Because whenever we get a little passionate we become a threat. We are never allowed to be angry, scared, in pain and express. So we are conditioned to temper ourselves down in mixed company to avoid having law enforcement called on us.


----------



## SpiritJunkie (Oct 20, 2018)

There's a Nielsen Research data that came out recently that states African Americans are the most informed ethinic group that craves information and over index on the rest of the population. 

That being said....speak up...we know more than we think!!

The conversation needs to continue to educate and inform the medical industry that this has to stop. Our voices are big on Social Media (specifically Twitter). We need to use it to create awareness & mobilize the community around this topic to create change.

Hurts my heart to read this.


----------



## Black Ambrosia (Oct 20, 2018)

I don't disagree with the comments but there was no way he or his wife could've known initially that what was ailing her was life threatening. 7 hours is too long but you don't know that'll be the case in the first 30 minutes, hour, 2 hours, etc. You think the doctor is coming any minute now. Its only after you've been waiting that you realize there's a need to become the squeaky wheel. What's troubling is that someone inside a hospital and already in their care (as opposed to waiting in the ER) died after they were alerted multiple times of a problem. That's the real issue.


----------



## Chicoro (Oct 21, 2018)

Here's the link to the thread started by @brownb83 about the same topic:

https://longhaircareforum.com/threa...-and-infant-mortality-for-black-women.831407/

*The thread is entitled, "Stress From Racism Linked to Maternal and Infant Mortality for Black Women".*

Here's a link to the research that @brownb83 also posted in her original thread:

https://www.americanprogress.org/is...n-americans-high-maternal-infant-death-rates/

*The article is entitled, "Exploring African Americans' High Maternal and Infant Death Rates"*


----------



## Shula (Oct 22, 2018)

Chicoro said:


> It's time to get GHETTO! Act ugly, or have a family member act out and ugly on your behalf.



This! You must speak up, ladies. And her daytime black nurse told me I wasn't loud or ghetto enough so take it from Chicoro and the black nurses looking out for you. 

I already wrote on here that my kid had a DVT while IN THE HOSPITAL that they said a mere 24-48 hours before would not happen. And this nurse who was so busy asking me about our house and how much we paid for it, had the nerve to tell me that, "I just wanted you to know that *IF *the doctor doesn't show up, I paged and called him for you; I did both (like that's usual/often??) And it's an emergency?

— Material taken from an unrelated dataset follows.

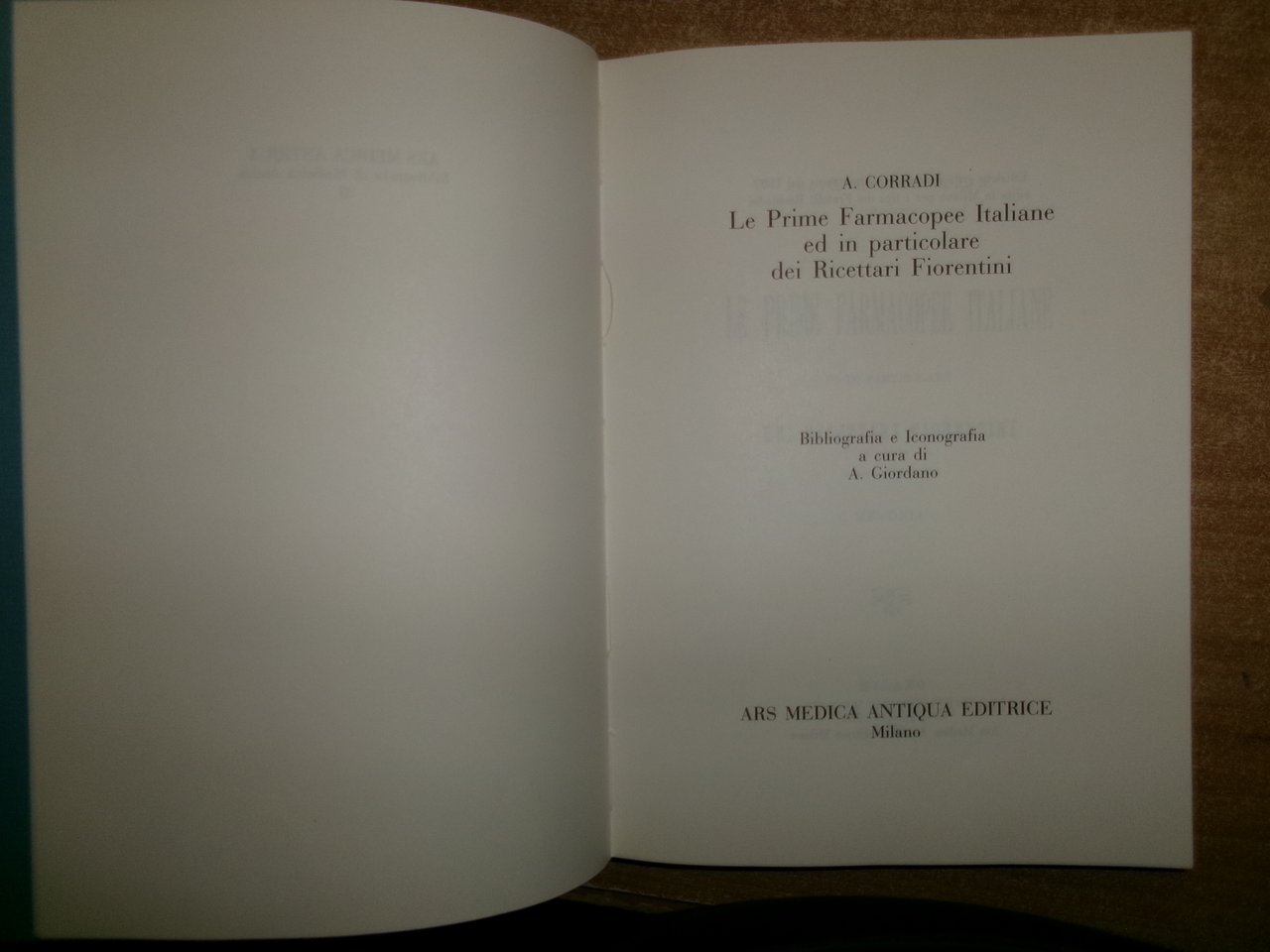 A. Corradi. Milano, ARS Medica Antiqua Editrice, 1984. Le Prime Farmacopee Italiane ed in particolare dei Ricettari Fiorentini memoria. Bibliografia e Iconografia a cura di A. Giordano. In-8°, cart. edit. con sovracopertina. 146 pp. con 58 tavole fuori testo. Come nuovo protetto da velina trasparente. Uff. C - IV - 7 - 2

Nurse manager had called for transport to get another scan done. I told them she is not going anywhere until you medicate this clot to get her out of risk and give her something for the pain.I had legit walked out of her room to the nurse's station at like 1-2 AM and ANNOUNCED like I had a bullhorn that I would sue everybody present if you don't get this on call doctor up here in 5/10 minutes or less. It worked. The one time I ignored my gut, my kid paid hugely for it and I promised myself never again because I promise you they are either incompetent or racist and both are deadly to us. 

My heart is so broken for this man and his family. She seemed to be quite an amazing and beautiful young woman gone for nothing. And Cedars Sinai is an extraordinary facility. No way he could've seen this coming.


----------



## Cheleigh (Oct 22, 2018)

I know of another highly educated black woman with no preexisting conditions who died under the care of a black female doctor in childbirth (along with her child) because of a clot or hemorrhage related to the off-label use of a drug.  In the moment, it's so hard for you or your family to know that something's amiss.


----------



## Chicoro (Oct 23, 2018)

Cheleigh said:


> I know of another highly educated black woman with no preexisting conditions who died under the care of a black female doctor in childbirth (along with her child) because of a clot or hemorrhage related to the off-label use of a drug.  In the moment, it's so hard for you or your family to know that something's amiss.



I agree with you in that it is hard to tell when something is amiss.

But based on these statistics of super high mortality rates for black women and babies, it is important to be vigilant.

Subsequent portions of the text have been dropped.